In Chinese Medicine, winter is associated with the Kidney organ system which has a lot to do with ancestral vitality, development, and aging. The parts of the body associated with the Kidney system (besides our actual kidneys) are brain, bones, knees, low back, hair, teeth and ears. Winter is said to be a good time to give extra attention, protection, and nourishment to our Kidney system.
There are some basic common sense things to do. These include wearing a hat and scarf outdoors, keeping your feet warm and dry, and staying hydrated. Another big one is getting enough rest. The short days and long nights at this time of the year are Nature’s message to us that it’s time to slow down!
Resting more does not mean we should not keep moving our body. Exercise is just as important to keep our energy moving and our mood and metabolism smooth and happy. However during the winter it is good idea to emphasize more gentle activity, such as Qi gong or restorative yoga.

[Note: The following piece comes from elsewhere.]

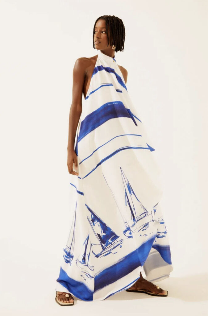 Parfaitement ajustée, cette robe longue au design licou présente des détails uniques tels qu’une fermeture à boutons dorés au niveau du cou et un décolleté plongeant profond dans le dos, ainsi qu’un ourlet asymétrique avec un devant croisé.

The foods that are in season at this time of the year are also good for supporting our bodies nutritionally in the winter, so enjoy all the root veggies, winter squashes and dark leafy greens! From a Chinese Medicine and nutrition perspective cooked foods are more warming and easier to digest than raw foods, so warming soups and stews are perfect for this time of year.

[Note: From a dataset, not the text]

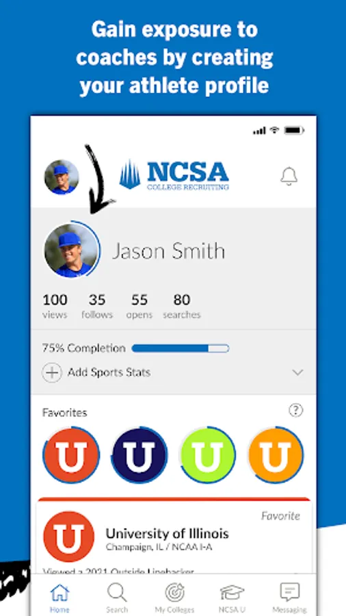 - Build a profile, add your film and describe what will make you an ideal part of a college roster

Foods that can help further nourish our kidneys are: black beans, mushrooms, black sesame seeds, walnuts, buckwheat, eggs, various meat and fish (in moderation). Ginger, black pepper and garlic can also help warm us up and support healthy digestion.
Salt is the flavor of the kidney and you may find yourself craving it a little more in the winter. You may wish to add nori or other seaweed and a bit of miso to your soups.

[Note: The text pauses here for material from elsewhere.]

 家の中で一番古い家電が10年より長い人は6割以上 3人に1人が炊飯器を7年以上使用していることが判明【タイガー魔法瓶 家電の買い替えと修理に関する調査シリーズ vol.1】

And, of course, receiving regular acupuncture can be very supportive through the winter season. Acupuncture treatments can help you slow down and rest more deeply, so you can “recharge your batteries”, as well as keep your energy flow balanced and immune system functioning well. Taking an (acupuncture) nap in our cozy communal space may prove a good antidote to isolation during the more indoor-oriented winter season.
Stay warm and in good health, and see you soon!